Blog

We've begun...

Our English yurt has been delivered (a marathon trek across country from Bodmin - thanks Tim), the raised decking and plywood base are almost complete, we've been on the "how to set up and run your own yurt campsite" course in Wales, and plan to place an order for our first Mongolian yurt within the next few days!

The yurt looks beautiful inside - all steam bent ash poles and beautifully crafted. We're really looking forward to getting it set up properly and having people to stay (after we've had a go, of course). It comes with its own log burning stove and oak front door! The skies here are beautifully black at night, so watching the stars through the crown will be a delight.

We've begun the process of evolving the field into a meadow; the first stage was to sow the yellow rattle seed in squares where we've cleared the top soil.
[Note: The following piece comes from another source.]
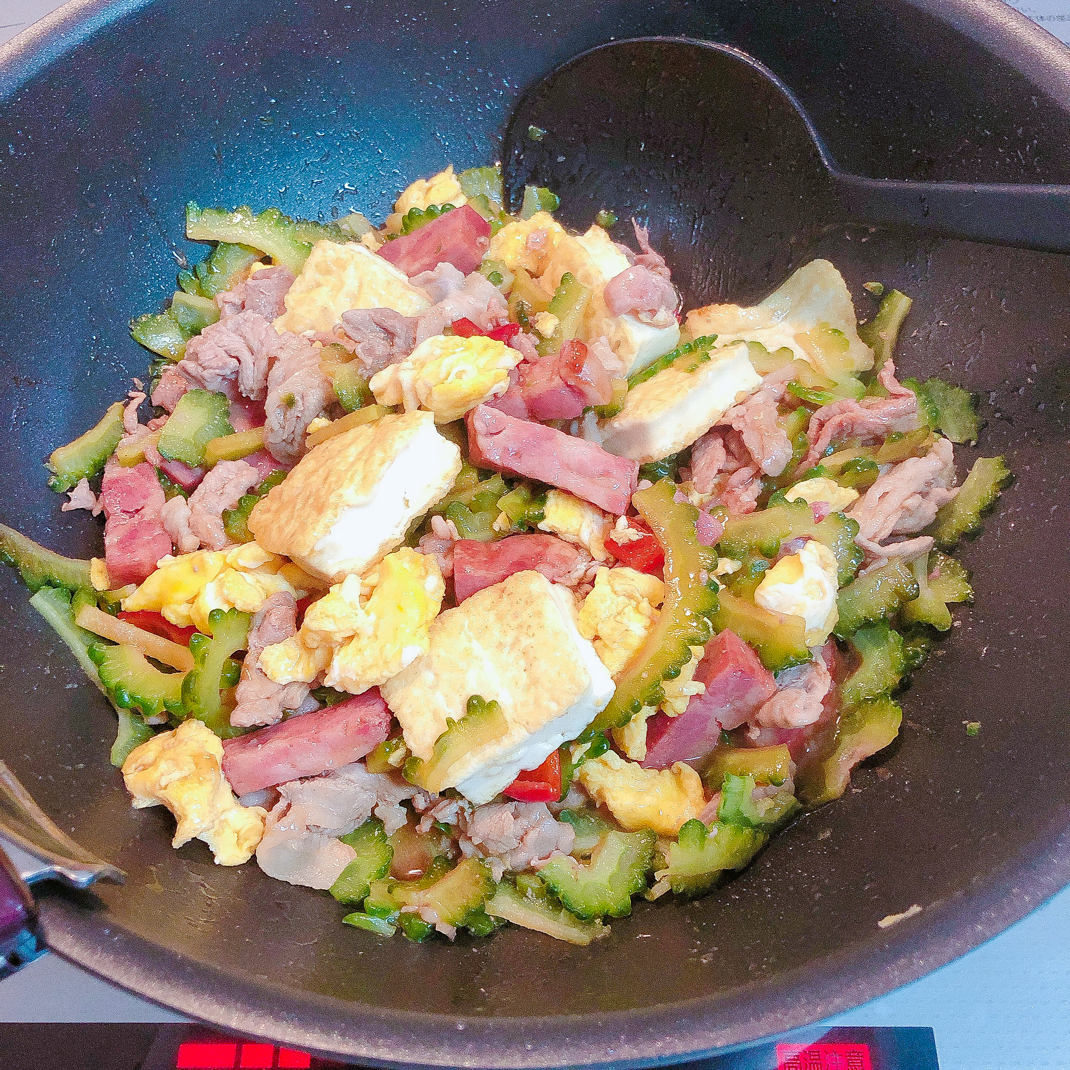 ④ゴーヤがしんなりしてきたら、〖調味料〗を加えて炒め、取り出しておいた炒り卵と豆腐を戻し全体を混ぜ合わせ炒める。
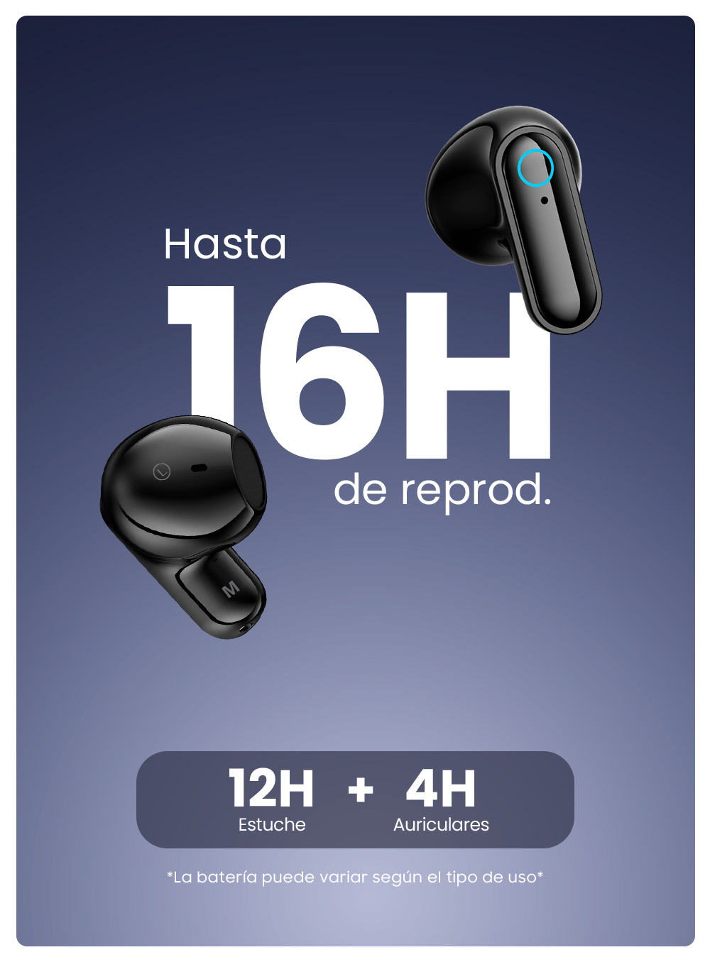 La duración total combinada es de hasta 16 horas: 4 horas por los auriculares y 12 horas adicionales con el estuche de carga.

The field hasn't been used for grazing or stock for quite a few years, as far as we can establish, so we're hoping that the soil won't be over fertile and that we can get the basic meadow seeds and flowers going within the next year or two.

We are lucky to have masses of cowslips and violets (including some white ones) in the adjacent Goose Paddock, so we're hoping to encourage those to spread to the field. I shall be out with my trowel as soon as the flowers have set seed.

We're working to encourage a range of wildlife - we've already got barn and tawny owls visiting the field, and the resident ducks and moorhens on the Goose pond and moat. We're hoping to spot some great crested newts one day; we should have the ideal environment, with nice damp ditches, a pond without fish and plenty of places to hide. We stacked piles of shrubby stuff against the out-building walls at the beginning of the winter to encourage hibernation. One of our mallards made use of this for a nest, and we've seen what looks like a weasel dashing into another stack (collective nouns for weasels includes "a confusion" and "a sneak" - it would be great to have a family - a confusion of weasels!).

The elders, rowans and blackberries are now planted in the field, along with the crab apple (Dolgo) and damson (Merryweather). We've got groups of willow cuttings dotted around, in theory acting as elegant dividers between the plots we plan to use for the yurts; we hope that they'll also double up as raw material for basket weaving and flower arrangements, either for courses that we might run in the barn or to inspire creative craft activity on the part of our yurt guests.